Is global trade dividing into disconnected trade blocs?
The world remains far from split into disconnected geopolitical blocs. Only 4–6% of global goods trade, greenfield FDI, and cross-border M&A have shifted away from geopolitical rivals over the past decade. Trade flows shifted more toward neutral countries than to close allies, implying more ‘de-risking’ than ‘friendshoring’.
Will countries reduce their risk by trading only with allies?
Most international business already occurs among friendly countries, limiting the threat de-risking strategies pose to globalization. In 2025, only 12% of global goods trade, 5% of greenfield FDI, and 3% of cross-border M&A took place between U.S.-aligned and China-aligned blocs of close allies.
Will global trade changes and U.S. tariffs result in countries implementing nearshoring?

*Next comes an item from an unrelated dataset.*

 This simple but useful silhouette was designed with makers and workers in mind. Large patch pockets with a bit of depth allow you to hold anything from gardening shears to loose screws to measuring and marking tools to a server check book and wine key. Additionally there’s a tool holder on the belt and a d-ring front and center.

Goods trade and greenfield FDI crossed their longest average distances on record in 2025, while the shares of these flows occurring within major geographic regions fell to new lows. It remains to be seen whether nearshoring strategies will ultimately lead to more regionalized business patterns.

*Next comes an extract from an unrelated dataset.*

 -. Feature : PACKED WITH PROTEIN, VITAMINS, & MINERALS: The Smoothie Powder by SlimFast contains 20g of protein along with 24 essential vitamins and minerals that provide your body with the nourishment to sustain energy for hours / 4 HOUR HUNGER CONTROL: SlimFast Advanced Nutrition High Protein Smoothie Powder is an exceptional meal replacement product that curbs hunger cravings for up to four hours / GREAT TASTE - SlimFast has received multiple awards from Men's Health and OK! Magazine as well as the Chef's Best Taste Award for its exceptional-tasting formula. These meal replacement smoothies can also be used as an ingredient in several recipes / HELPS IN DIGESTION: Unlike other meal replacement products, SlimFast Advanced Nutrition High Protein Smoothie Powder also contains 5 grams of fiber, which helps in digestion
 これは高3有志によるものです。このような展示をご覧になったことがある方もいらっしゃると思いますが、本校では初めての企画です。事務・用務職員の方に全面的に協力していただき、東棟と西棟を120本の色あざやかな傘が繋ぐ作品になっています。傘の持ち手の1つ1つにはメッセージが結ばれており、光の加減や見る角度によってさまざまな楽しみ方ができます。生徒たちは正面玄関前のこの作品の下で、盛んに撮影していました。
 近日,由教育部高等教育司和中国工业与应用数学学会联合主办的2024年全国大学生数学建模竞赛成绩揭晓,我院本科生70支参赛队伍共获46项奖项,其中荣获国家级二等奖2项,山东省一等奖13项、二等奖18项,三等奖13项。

More Essential Global Trade Insights for U.S. Businesses
U.S. businesses that find fast-growing global trade corridors, stay ahead of evolving compliance and tariff requirements, and rely on trusted, data-driven insights — such as those in the DHL Global Connectedness Report — will be better positioned to expand and grow. As global trade continues to reconfigure rather than retreat, these insights help American companies understand where demand is shifting, which emerging markets offer the strongest opportunities, and how to navigate an increasingly complex regulatory environment.